Re: Suggested clarification for .gitattributes reference documentation

"brian m. carlson" <sandals@xxxxxxxxxxxxxxxxxxxx> · Tue, 16 Jan 2024 02:06:47 +0000

On 2024-01-16 at 00:19:20, Michael Litwak wrote:
> As for documentation clarifications for the .gitattributes manpage at
> https://git-scm.com/docs/gitattributes, I still suggest adding an
> explicit example for UTF-16LE with BOM, and/or adding a table listing
> which working-tree-encoding value to use for each of the following
> UTF-16 text encodings:
> 
> ENCODING              'working-tree-encoding' VALUE
> -------------------   -----------------------------
> UTF-16LE with BOM     UTF-16LE-BOM

I should point out that this encoding, while very common on Windows, is
also nonstandard.  The standard says that UTF-16LE and UTF-16BE don't
include a BOM and are always the respective endianness.  UTF-16 can have
a BOM or not, and if it doesn't, it's big-endian.

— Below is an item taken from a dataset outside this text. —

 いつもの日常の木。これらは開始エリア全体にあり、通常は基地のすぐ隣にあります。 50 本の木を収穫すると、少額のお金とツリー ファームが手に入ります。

There is no standard-conforming way to force the use of little-endian
with a BOM.  The problem is that many Windows programs insist on the
BOM, but also refuse to read big-endian data in violation of the
standard[0].  That's why this nonstandard variant exists in Git.

I'll also note that this particular nonstandard variant is essentially
impossible to encode reliably on Unix outside of Git because it's
nonstandard, so it's an extremely unportable choice.  In fact, I'm not
aware of _any_ tool on my Debian system other than Git that will
guarantee a UTF-16 little-endian stream with BOM.  My editor (Neovim)
certainly doesn't.  (Apparently Emacs, which is not on my system, may
permit that, which does not surprise me in the least.)

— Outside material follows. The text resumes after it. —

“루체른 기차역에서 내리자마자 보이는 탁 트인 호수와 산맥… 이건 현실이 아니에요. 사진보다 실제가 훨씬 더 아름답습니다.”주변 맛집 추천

> UTF-16BE with BOM     UTF-16

It's a little more complicated than that.  "UTF-16" would allow UTF-16
big-endian with BOM, UTF-16 little-endian with BOM, or UTF-16 big-endian
without BOM.  In other words, UTF-16 is big-endian by default and
otherwise requires a BOM, which may be included even if not required.

A reader must handle every variant of this, and must honour the BOM if
set and default to big-endian if not.  A writer may write whichever
variant pleases it most as long as it's consistent within the same
message.

> UTF-16LE no BOM       UTF-16LE
> UTF-16BE no BOM       UTF-16BE

I think the addition of this table is too much.  UTF-16LE-BOM is common
on Windows, and the rest are substantially less common.  It's also very
difficult to explain in a table what "UTF-16" means in an understandable
way.  And I also think it's also pretty clear that users should be using
UTF-8 without BOM where possible.

We do already mention both UTF-16, UTF-16LE, and UTF-16LE-BOM as options
in the gitattributes manual page, and it's up to the user to know what
their program wants and supports if that's not UTF-8.  (I would say that
the user wants a new program that _does_ support UTF-8, but perhaps I'm
being unrealistically harsh.)  I agree it's difficult because the
documentation usually doesn't indicate what's supported and all the
variants are hard to understand, but that's a huge part of the reason
that we recommend UTF-8.

I'll also add that in general, when you do have Unix systems that read
or write data in UTF-16, they handle every variant correctly.  Thus, the
practical choice if you steadfastly refuse to use UTF-8 is either
UTF-16LE-BOM (if your Windows program has the bug I mentioned above) or
UTF-16, both of which we mention already in the manual page.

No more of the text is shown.